Package "Autoimmune Bullous Dermatoses (Tissue Immunoglobulins, IF)"2028
The study aims to detect autoantibodies that serve as biomarkers for autoimmune bullous dermatoses. Particularly important is the detection of antibodies against fibrillarin, which is a relatively specific marker for scleroderma (SSc).
Direct immunofluorescence (IF) is a method for detecting tissue immunoglobulins (IgG, IgA, IgM), complement C3, and fibrillarin protein in skin fragments.
- Bullous pemphigoid
- Pemphigus (blister)
- Linear IgA dermatitis
- Acquired bullous epidermolysis
- Dermatitis herpetiformis
For the analysis, a skin fragment should be taken from an erythematous (healthy) area or around a fresh blister. A biopsy from the oral cavity is taken from mucosa without pathological changes. The accompanying referral must specify the biopsy site, suspected diagnosis, and list of required tests.

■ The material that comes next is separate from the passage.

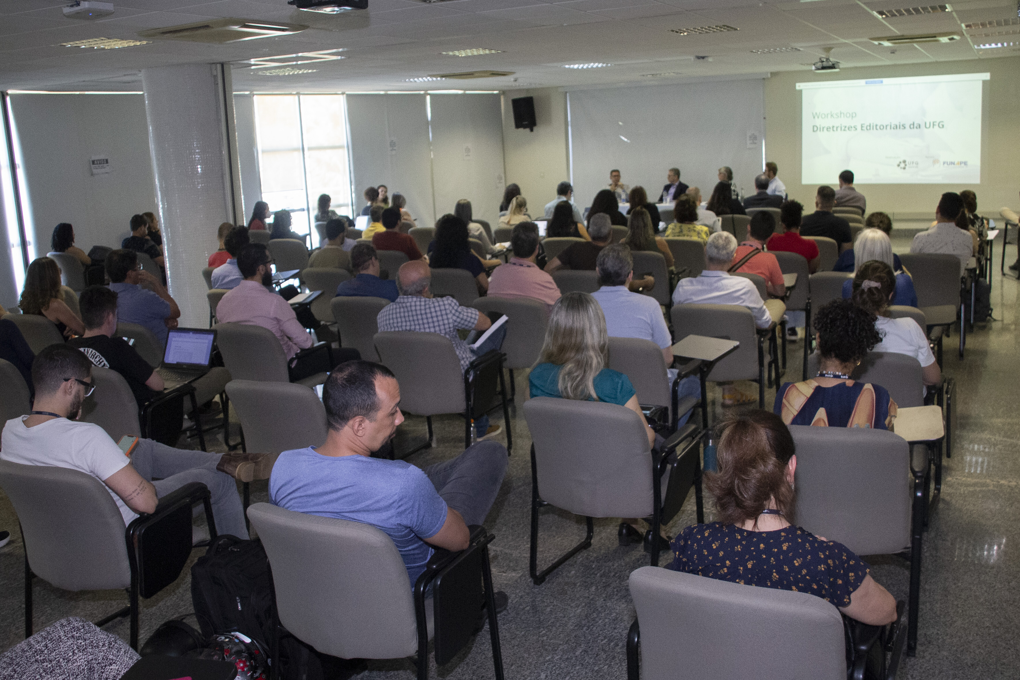 Na tarde de terça-feira, 8/8, no Centro de Eventos Prof. Ricardo Freua Bufáiçal, foi realizado o Workshop "Diretrizes Editoriais da UFG". O objetivo da Pró-reitoria de Pós-Graduação da Universidade Federal de Goiás (PRPG/UFG) era o de promover, junto à comunidade universitária, um debate sobre a atual organização de publicações na Universidade. Estiveram presentes na mesa-diretiva, o vice-reitor da UFG, Jesiel Carvalho; a pró-reitora de Pesquisa e Inovação, Helena Carasek, e o pró-reitor da PRPG, Felipe Terra.

Bullous pemphigoid is a chronic autoimmune skin disease that leads to itchy, blistering lesions, mainly in elderly patients. Diagnosis is established through biopsy and immunofluorescence. Treatment includes topical and systemic corticosteroids, as well as immunosuppressants for maintenance therapy. The first symptom is itching, and characteristic bullae may appear on the trunk skin and flexural areas. Mucous membrane involvement is rare. Nikolsky's sign is usually negative.